Right, that makes sense to implement at some point if there really is
demand for this. This is rather harder to implement then what we're
currently doing and is blocked by phase 2 stuff and probably phase 3
stuff, while we want to have it in phase 1 already.
A while back we also had a related discussion where Daniel took the
position that we should also not have special labels and descriptions.
The conclusion of that was that we will have them but that we will make
them accessible via the same interface as regular properties (at least
for read ops).
Ok, I agree with that. I will change the model to have explicit aliases
somewhere.
if two items have the same description, can one
of them use an alias
that is the title of the other?
Good question. Right now this is not enforced. Then again, right now
aliases are not used anywhere for lookups except in the fulltext search
thing, where this restriction is not really relevant. Denny, Daniel, any
thoughts on this?
This is also based on a preliminary decision made
a while back: the
idea was that properties, while not having Wikipedia articles,
will
still need unique string identifiers that can be used in wikitext (e.g.
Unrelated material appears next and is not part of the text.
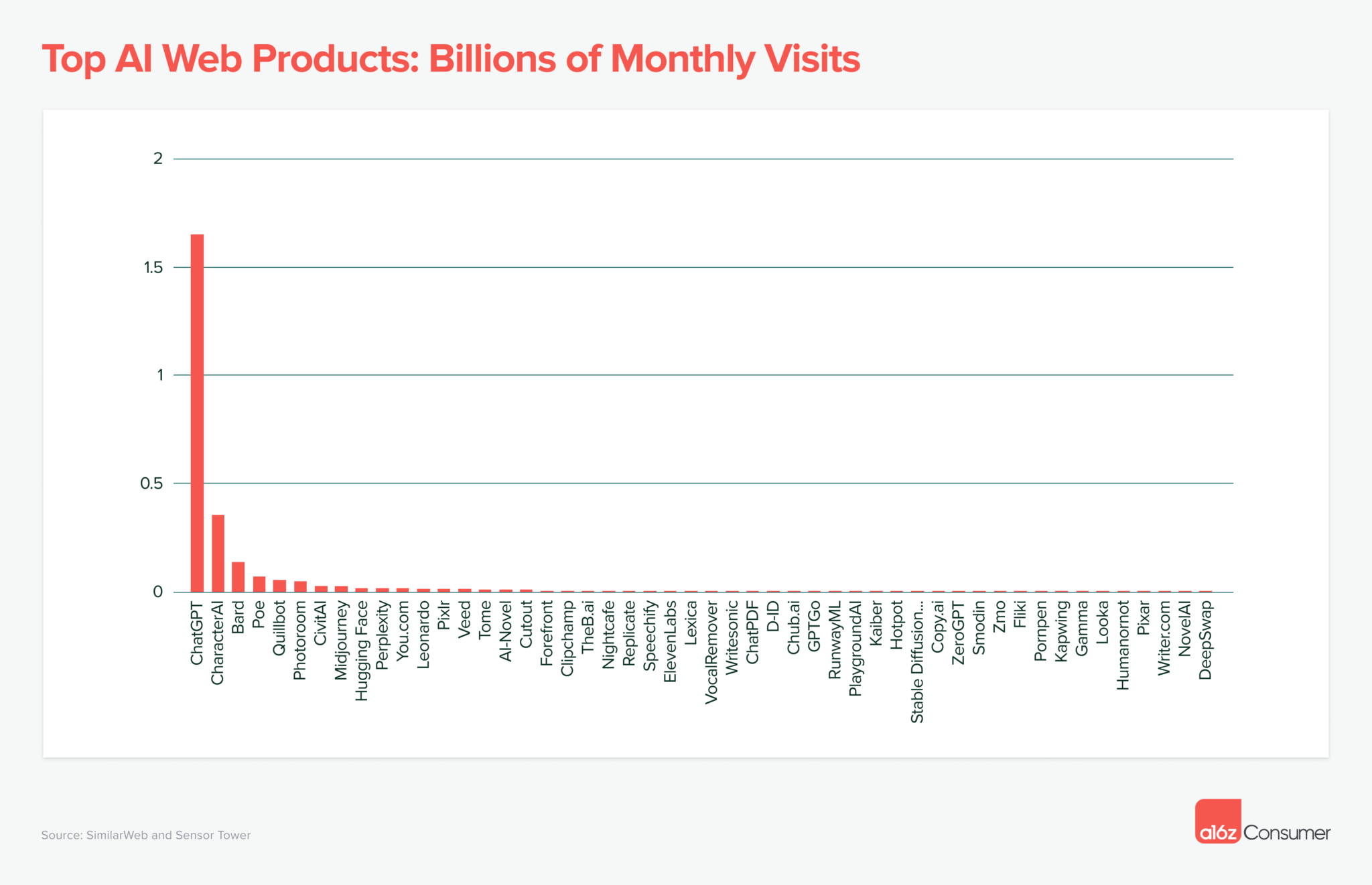 带着这些问题,我们查看了 SimilarWeb 的流量数据(截至 2023 年 6 月),以月访问量为标尺选出了排名 TOP50 的 GenAI 产品,并分析了这些产品的增长进程和流量来源。

queries) where one does not want to address properties by ID or by
"label+description" pairs.
This seems odd to me - you sure the term TitleRecord is being used
consistently through the data model and this thread? I'm using it as
"GlobalSiteId PageName".
Yes, this is what I mean. But PageName is just a string, and does not
need to refer to an actual page (or be displayed as a link). It can
still be used as a "string key" to refer to the property on a certain site.
I do agree you would probably not want to put label and description in
wikitext, and that just the label might or might not be sufficient, even
if they are unique per language. If you need an id that really is always
unique you can just use the p12345 thing. Since most of the editing of
these will happen via GUIs (right?) this seems to be quite acceptable.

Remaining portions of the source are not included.